Чего наворотит Владимир, Претич не знал, но чувствовал, добра не будет. Он самому себе не желал признаться, что правда об убийстве Святослава задевает его за живое. Стыдно. Но признать свою вину старый воевода не мог. Стыд прятал. Глушил ответными упрёками в адрес юного правителя и находил немало грехов. Если приглядеться, у каждого их довольно. А у того, кто даёт тебе указы по праву старшинства, по праву крови, а не в силу собственного опыта или умения, тем паче. Указующая длань всегда в тягость.
Но вот зашевелились на стене. Отступили стражники. Показался Рогволд, свита, а там и Глеба подвели.
Шуба расхристанна, князь стоит, как пьяный. Страшен Глеб. Лицо нездорово, покрыто красными пятнами, а глаза слезятся, даже издали видать. Словно готов рыдать в умилении. Как же, рать пришла, нынче будет волен. О том и сказать намерен.
Снизу не слышно, что Глебу втолковывает Рогволд, что подсказывают советчики полоцкие, заметно лишь, что князь растерян. Глядит мимо... видит своё. Высматривает не слуг внизу, в строю со щитами, не соратников, а своё. Бог его ведает, к чему глаз прикипел. Голуби, что ли, отвлекли?
Рогволд выступил вперёд и крикнул, указывая на Глеба:
— Князь Глеб и я, слуга полоцкий, пришли к согласию. Миром решили. Нет меж нас вражды. О том и скажет великий князь киевский. А виру за убиенного свата заплачу. Как и должно. Вот...
Рогволд отступил и повёл рукой, призывая Глеба подтвердить сказанное. Тут близ Глеба появился Горбань, что-то сунул в руку оробевшему князю, верно, чтоб промочил горло, но Глеб не принял фляги, отвёл руку и ступил вперёд к самому краю стены. Все притихли. Ждали правды.
— Та-ать! — Громко вымолвил Глеб непонятное. И снова шагнул вперёд.
Слуга с флягой успел подать Глебу руку, чтоб тот опёрся, всё же край скользок, но Глеб не принял помощи и двинулся далее. Поднял широкие рукава, распахнув расстёгнутую шубу, как будто в великой радости и... прыгнул вниз, беспечно ухмыляясь.
Фляга вывалилась и мелькнула следом, слуга не успел подхватить Глеба. Дёрнулся, да поздно. Хватали воздух и другие воины, тянулись к шубе, да разве пальчиками удержать? Миг, и нет Глеба на стене. Летучей мышью распластал шубу, тёмным пятном ухнул вниз к земле. К снегу и глыбам мёрзлого льда под стеной.

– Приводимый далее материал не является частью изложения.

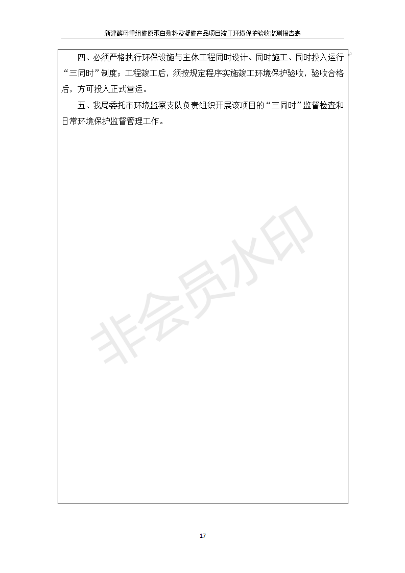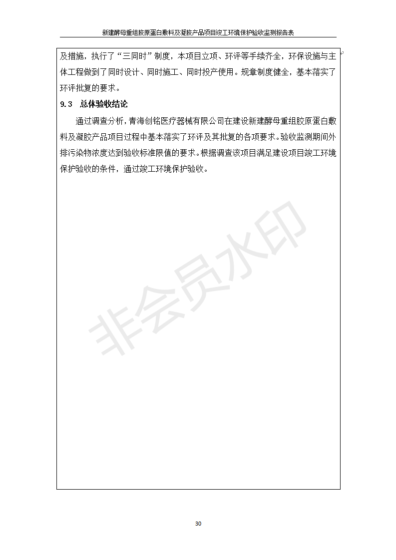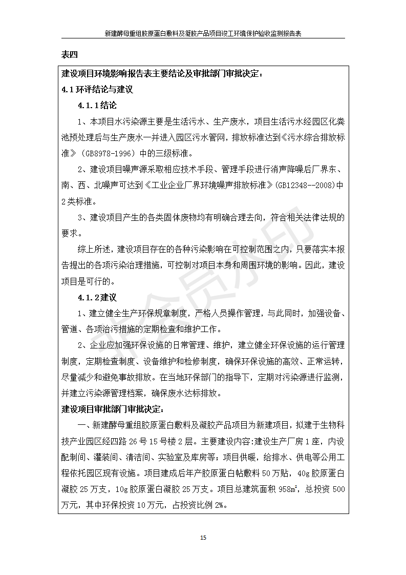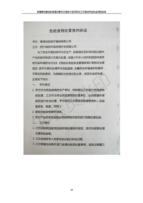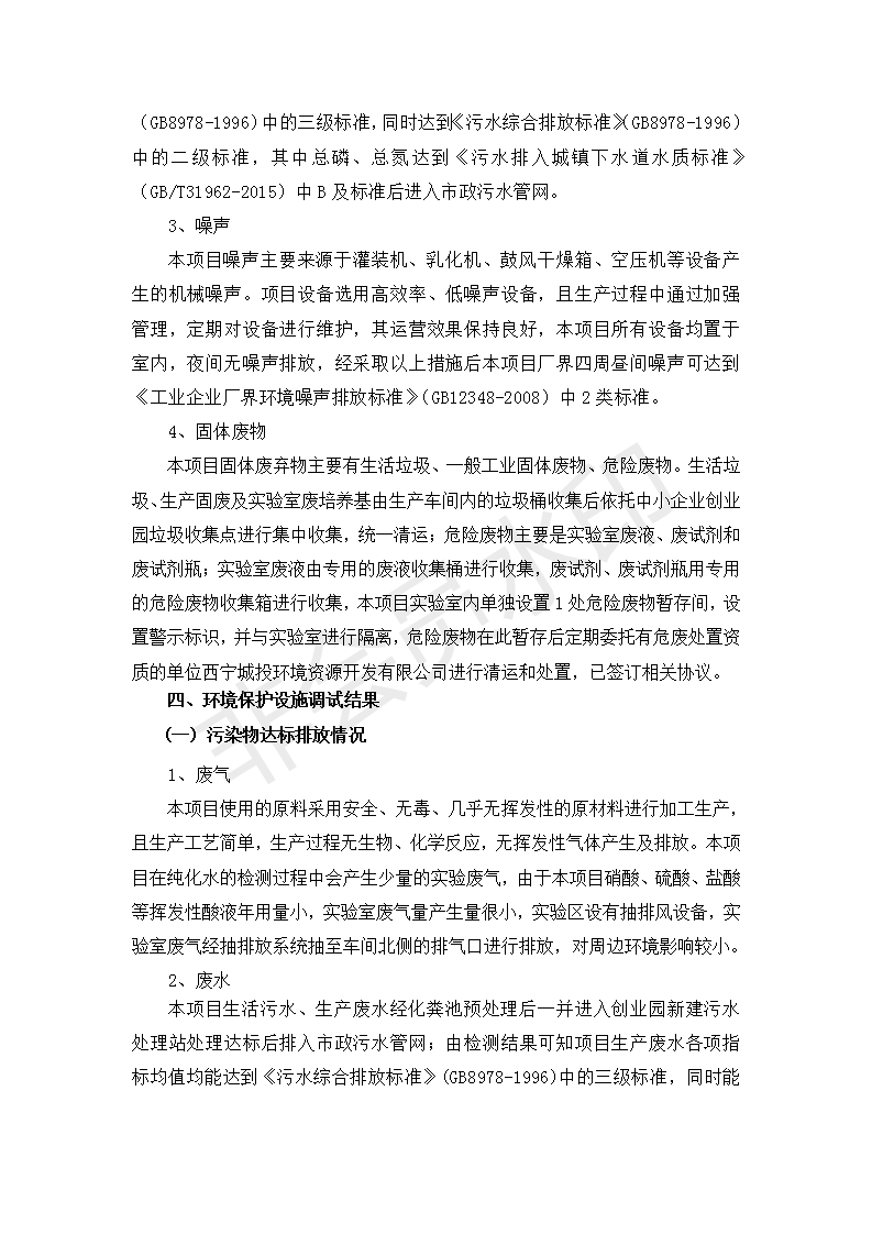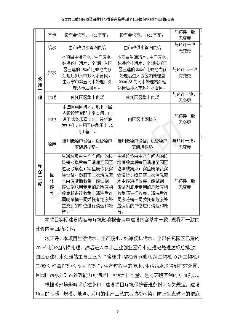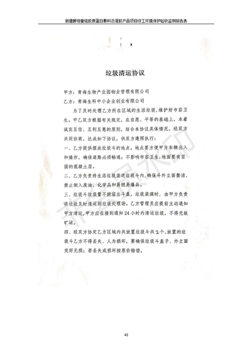 根據(jù)中華人民共和國(guó)國(guó)務(wù)院令第682號(hào)《國(guó)務(wù)院關(guān)于修改〈建設(shè)項(xiàng)目環(huán)境保護(hù)管理?xiàng)l例〉的決定》和《建設(shè)項(xiàng)目竣工環(huán)境保護(hù)驗(yàn)收暫行辦法》(國(guó)務(wù)院令682號(hào)),新建酵母重組膠原蛋白敷料及凝膠產(chǎn)品項(xiàng)目(包括竣工環(huán)境保護(hù)驗(yàn)收監(jiān)測(cè)報(bào)告表和驗(yàn)收意見(jiàn))公示如下。 一、項(xiàng)目名稱(chēng):新建酵母重組膠原蛋白敷料及凝膠產(chǎn)品項(xiàng)目 二、地點(diǎn):西寧市生物園區(qū)經(jīng)四路26號(hào)15號(hào)樓2層 五、聯(lián)系人:董繼風(fēng) 六、聯(lián)系電話:18606125050 七、公示時(shí)間:二〇二〇年一月十三日至二〇二〇年二月十二日 公示期間,對(duì)上述公示內(nèi)容如有異議,請(qǐng)以書(shū)面形式反饋,個(gè)人須署真實(shí)姓名,單位須加蓋公章。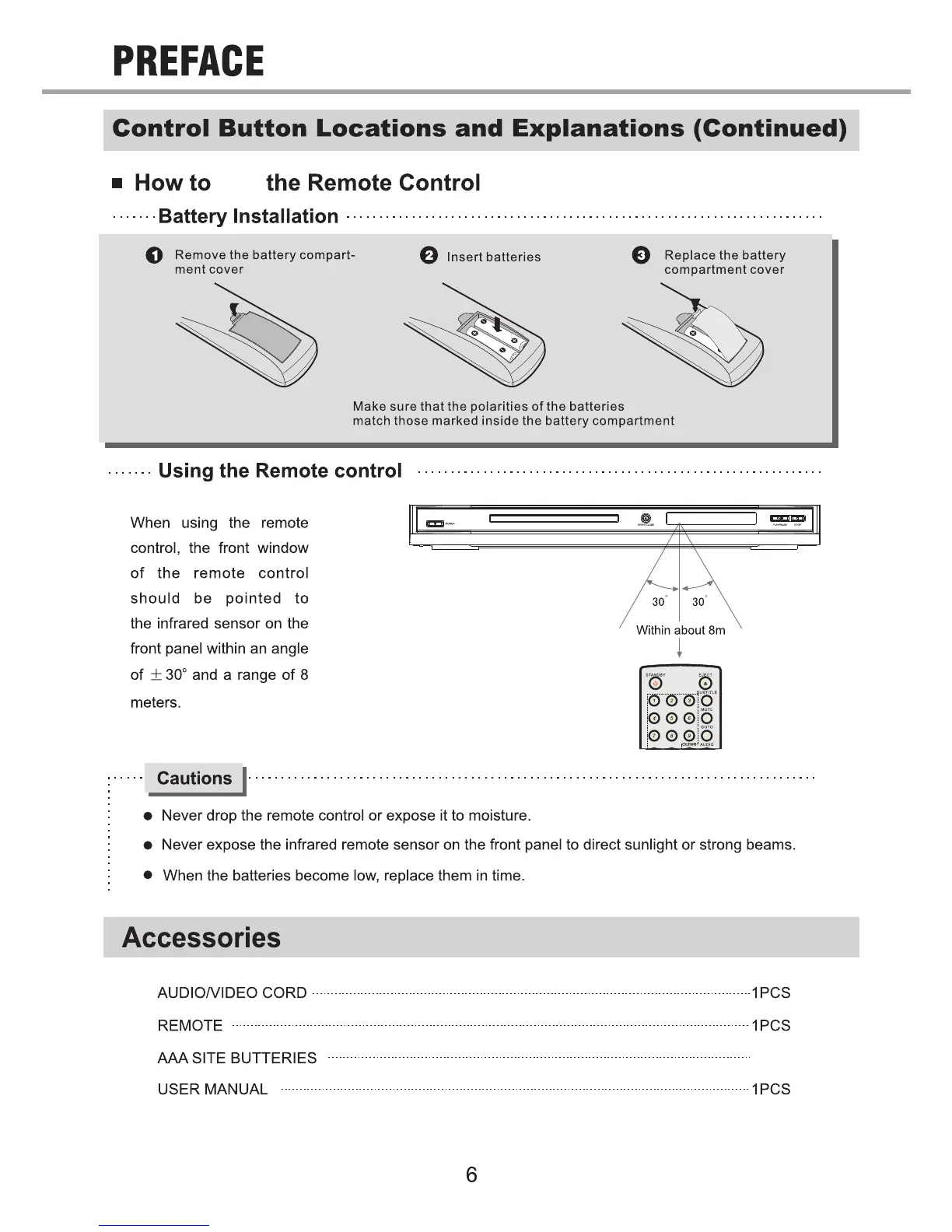 Oppo OPDV971H - Preface - Remote Control Usage; How to Use the Remote Control; Remote Control Cautions; Accessories Included

Рать молчала. Молчал и Претич. Только Рогволд ожил на стене, награждал слуг тумаками, кричал что-то злое, но в ропоте, охватившем собравшихся, его гнев терялся. Не разобрать. Да и не глядели на него. Сотни глаз прикованы к Глебу. К покойнику.
— Убился-а! Князь Глеб убился! — неслось заполошное завывание вдоль стены, и Претич поверил. Не видел ещё Глеба, вывернувшего голову, не спешил глядеть на разбившегося, а уже знал, не жилец.
Сдвинулись воины, шагали к стене, приглядывая за врагами. Но стрел не сыпалось. Полоцкие растерялись, ждали приказа. Потому к Глебу подошли спокойно, без суеты. Забирать тело позволяют и в ратное время.
В том, как лежал князь, как согнулись его руки и перебитый хребет, нет ничего удивительного, всем мертвецам безразлично, как они выглядят. Страшное позади, а до непристойного им уж дела нет.
Невозможно понять, куда спешил князь, о чём заботился. И только сверху, со стены, заметен страшный оскал коченеющей головы, мёрзлым глазам которой теперь открыто недоступное живым да зрячим.
Глава двадцатая РОГНЕДА
Претич растерял прежнюю сноровку. Хоть и зол на Владимира, хоть и не люб ему меньшой сын Святослава, а уступил. Город нужно брать. Без покарания расползётся своевольство по земле, и все труды ратные пойдут прахом. Спорил через силу, для вида. А после махнул рукой:
— Ну, будет. Брать так брать, только не спеши с удалыми наскоками. Лезть на стену в гололёд — глупость и только.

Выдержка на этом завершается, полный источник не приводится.